GIVEN DATA
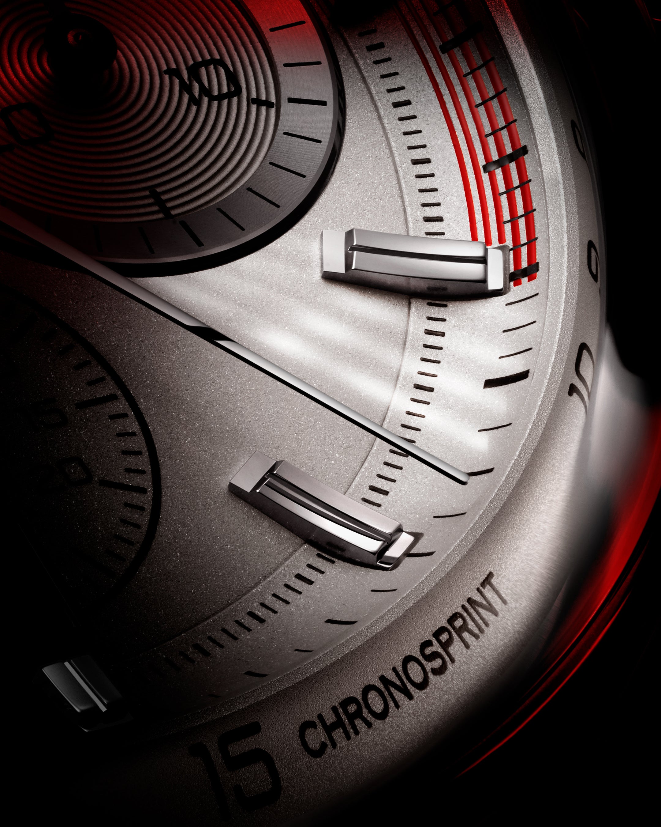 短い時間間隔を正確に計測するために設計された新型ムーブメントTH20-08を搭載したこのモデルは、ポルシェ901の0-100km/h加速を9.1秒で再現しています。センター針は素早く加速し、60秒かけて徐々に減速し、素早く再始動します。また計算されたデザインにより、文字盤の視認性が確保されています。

==

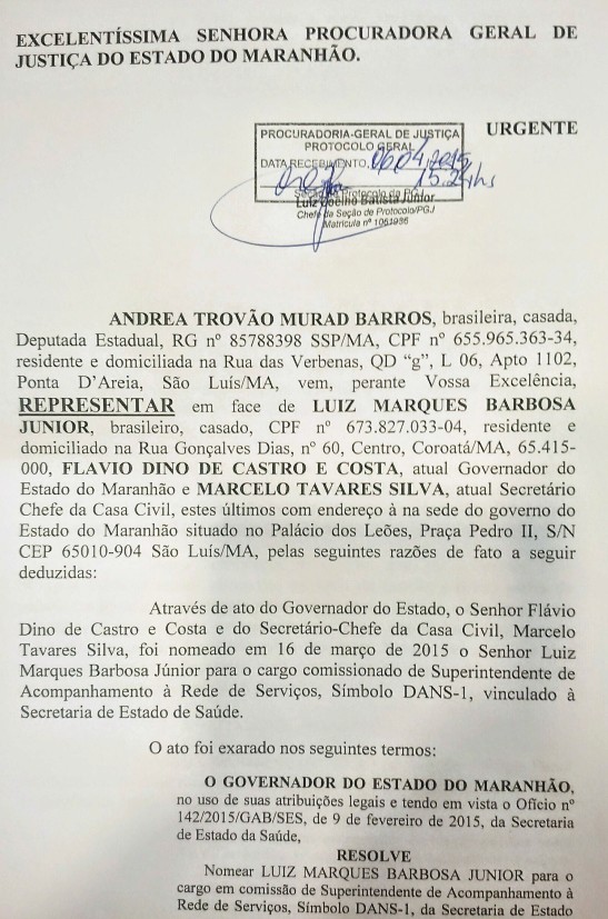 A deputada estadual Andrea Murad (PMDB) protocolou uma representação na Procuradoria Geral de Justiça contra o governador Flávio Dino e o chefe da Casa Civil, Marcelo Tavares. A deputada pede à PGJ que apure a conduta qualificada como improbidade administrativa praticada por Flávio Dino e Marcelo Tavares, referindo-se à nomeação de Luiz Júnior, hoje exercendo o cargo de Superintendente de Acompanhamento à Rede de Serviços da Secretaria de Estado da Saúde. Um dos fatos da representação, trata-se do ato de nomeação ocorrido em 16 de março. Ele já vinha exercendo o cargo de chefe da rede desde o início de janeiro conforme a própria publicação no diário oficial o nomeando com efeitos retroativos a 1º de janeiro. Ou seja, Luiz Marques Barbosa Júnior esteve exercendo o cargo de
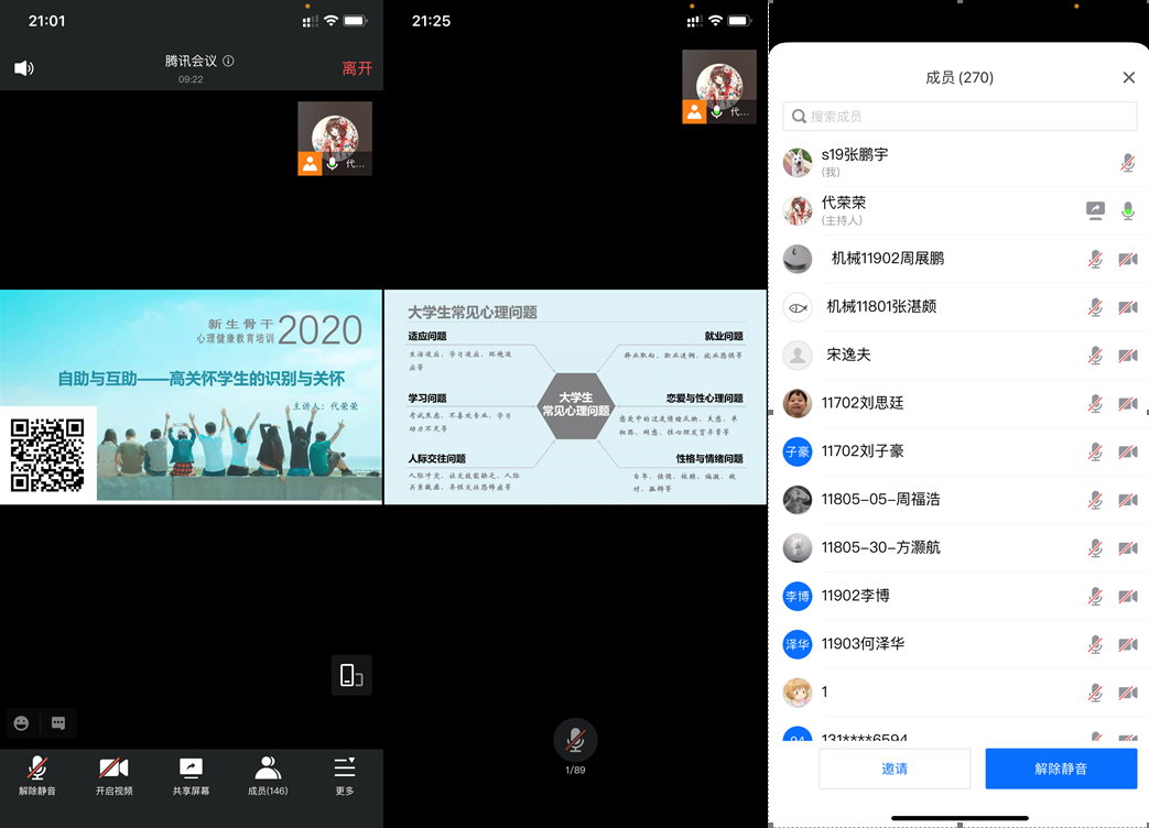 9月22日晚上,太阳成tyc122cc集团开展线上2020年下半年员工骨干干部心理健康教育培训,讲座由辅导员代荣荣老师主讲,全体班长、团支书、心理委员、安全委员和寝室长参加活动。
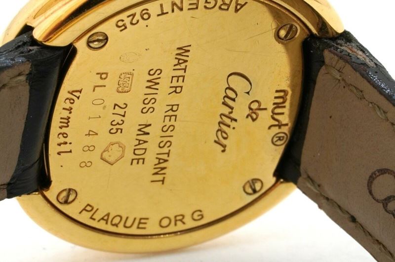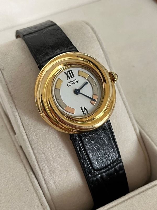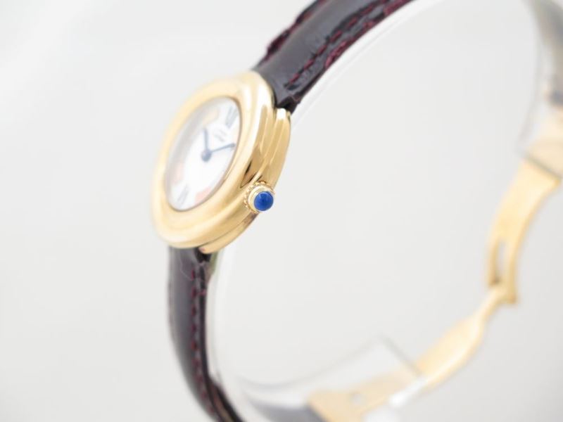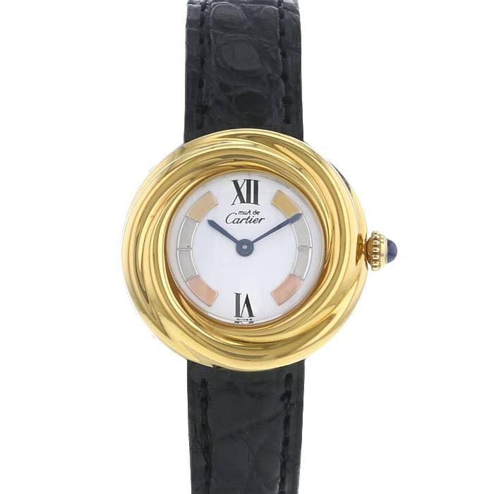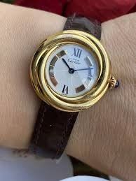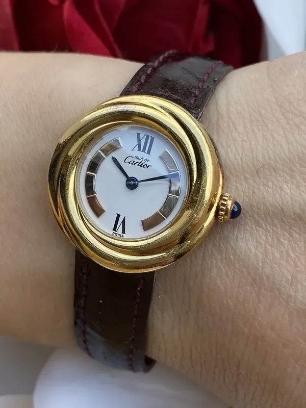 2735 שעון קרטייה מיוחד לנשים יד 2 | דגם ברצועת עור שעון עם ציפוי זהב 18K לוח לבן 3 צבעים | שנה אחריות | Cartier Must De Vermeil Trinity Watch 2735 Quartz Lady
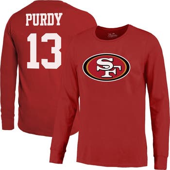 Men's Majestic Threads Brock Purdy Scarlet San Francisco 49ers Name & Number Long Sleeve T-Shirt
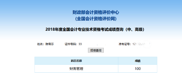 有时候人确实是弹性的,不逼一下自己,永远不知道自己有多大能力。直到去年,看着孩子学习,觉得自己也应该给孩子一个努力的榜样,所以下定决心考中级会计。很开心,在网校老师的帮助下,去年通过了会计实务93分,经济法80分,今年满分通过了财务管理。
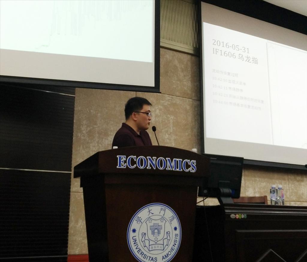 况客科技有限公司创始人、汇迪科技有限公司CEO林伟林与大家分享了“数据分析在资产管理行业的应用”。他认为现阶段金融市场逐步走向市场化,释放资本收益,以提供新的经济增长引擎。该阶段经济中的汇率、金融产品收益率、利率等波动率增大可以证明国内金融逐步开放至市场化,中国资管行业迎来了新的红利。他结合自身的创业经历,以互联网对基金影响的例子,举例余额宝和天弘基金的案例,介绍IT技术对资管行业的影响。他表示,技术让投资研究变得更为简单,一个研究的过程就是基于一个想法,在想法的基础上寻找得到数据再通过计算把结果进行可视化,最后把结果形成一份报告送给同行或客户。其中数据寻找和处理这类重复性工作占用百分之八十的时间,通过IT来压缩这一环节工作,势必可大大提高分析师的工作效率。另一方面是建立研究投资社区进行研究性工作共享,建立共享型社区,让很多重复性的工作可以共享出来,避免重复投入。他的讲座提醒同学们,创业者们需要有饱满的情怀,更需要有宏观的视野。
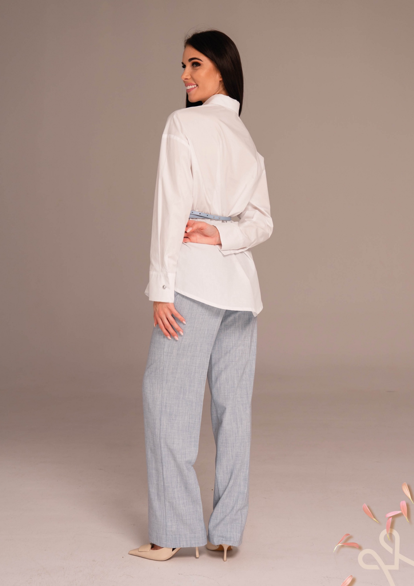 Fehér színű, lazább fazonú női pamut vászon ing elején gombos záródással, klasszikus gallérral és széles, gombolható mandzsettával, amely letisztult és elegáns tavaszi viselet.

...

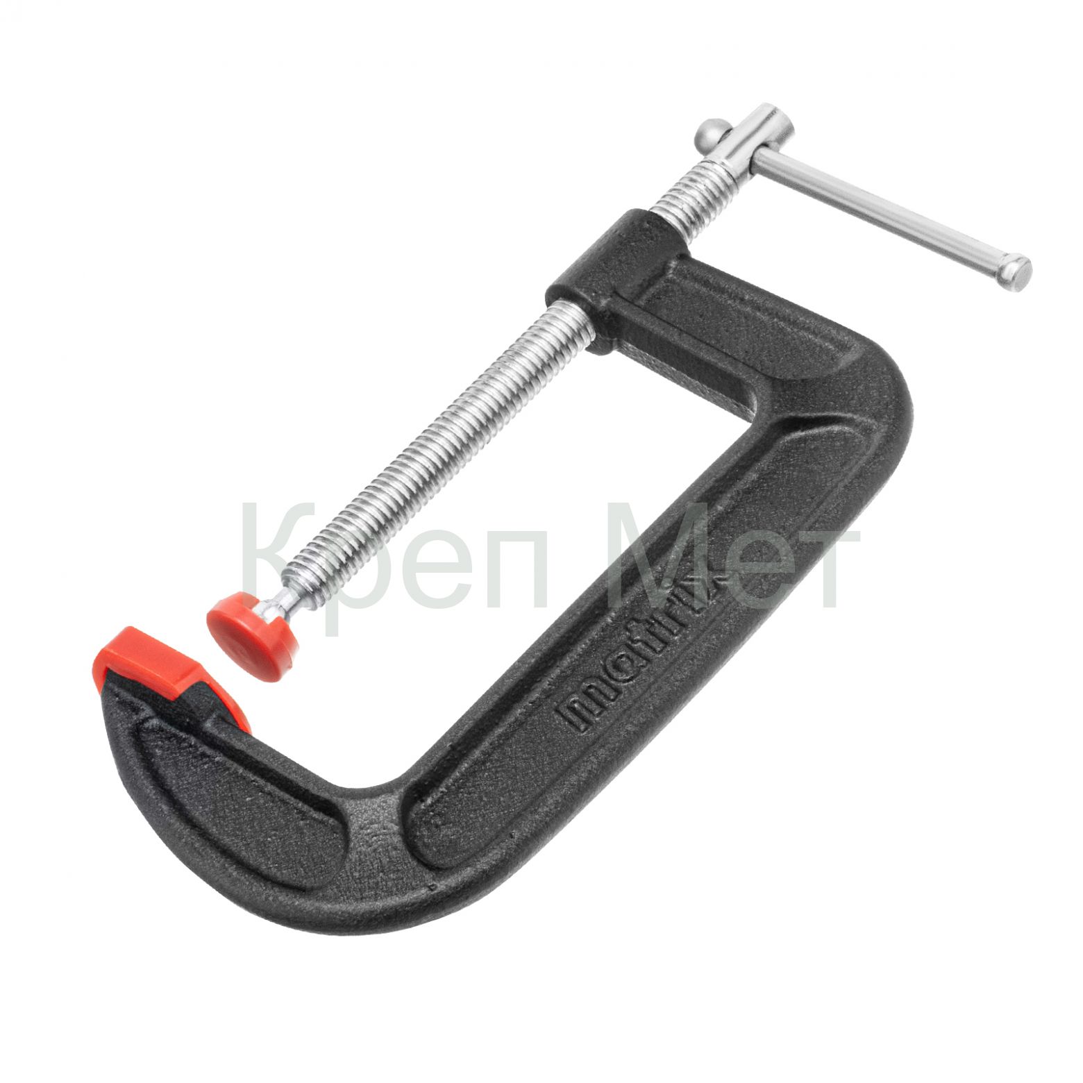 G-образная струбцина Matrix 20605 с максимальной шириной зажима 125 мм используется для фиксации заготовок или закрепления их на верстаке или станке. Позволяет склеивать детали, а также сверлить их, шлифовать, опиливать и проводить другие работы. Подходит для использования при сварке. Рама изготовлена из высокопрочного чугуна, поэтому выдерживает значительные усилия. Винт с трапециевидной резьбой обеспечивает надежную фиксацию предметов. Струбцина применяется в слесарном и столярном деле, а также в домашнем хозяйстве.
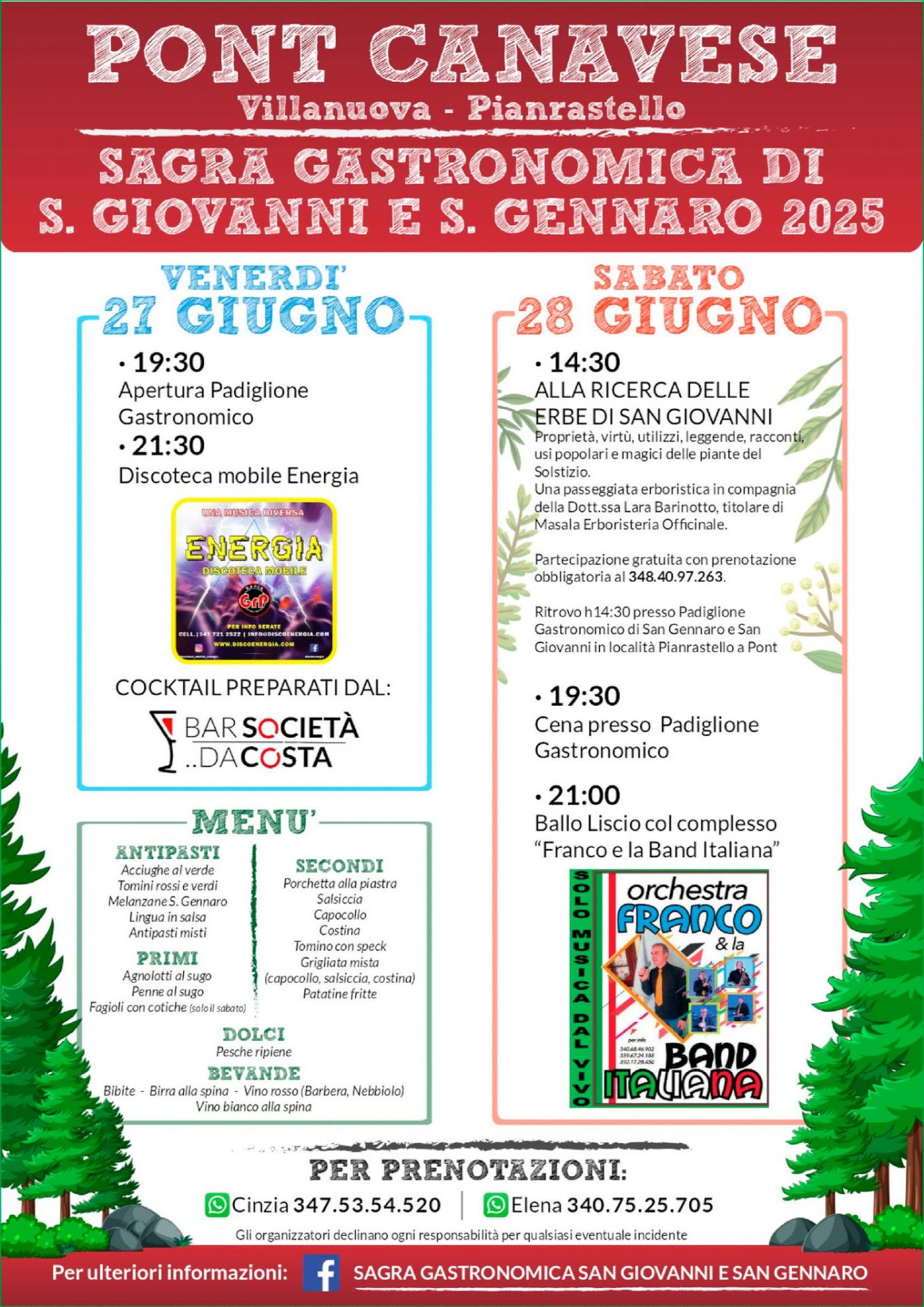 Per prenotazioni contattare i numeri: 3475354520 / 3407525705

TASK STATEMENT
Within the listing above, the lines starting at the one containing "况客科技有限公司创始人、汇迪" and ending at the one containing "Fehér színű, lazább" are to be returned exactly. Omit the pictures.

TASK OUTPUT
 况客科技有限公司创始人、汇迪科技有限公司CEO林伟林与大家分享了“数据分析在资产管理行业的应用”。他认为现阶段金融市场逐步走向市场化,释放资本收益,以提供新的经济增长引擎。该阶段经济中的汇率、金融产品收益率、利率等波动率增大可以证明国内金融逐步开放至市场化,中国资管行业迎来了新的红利。他结合自身的创业经历,以互联网对基金影响的例子,举例余额宝和天弘基金的案例,介绍IT技术对资管行业的影响。他表示,技术让投资研究变得更为简单,一个研究的过程就是基于一个想法,在想法的基础上寻找得到数据再通过计算把结果进行可视化,最后把结果形成一份报告送给同行或客户。其中数据寻找和处理这类重复性工作占用百分之八十的时间,通过IT来压缩这一环节工作,势必可大大提高分析师的工作效率。另一方面是建立研究投资社区进行研究性工作共享,建立共享型社区,让很多重复性的工作可以共享出来,避免重复投入。他的讲座提醒同学们,创业者们需要有饱满的情怀,更需要有宏观的视野。
 Fehér színű, lazább fazonú női pamut vászon ing elején gombos záródással, klasszikus gallérral és széles, gombolható mandzsettával, amely letisztult és elegáns tavaszi viselet.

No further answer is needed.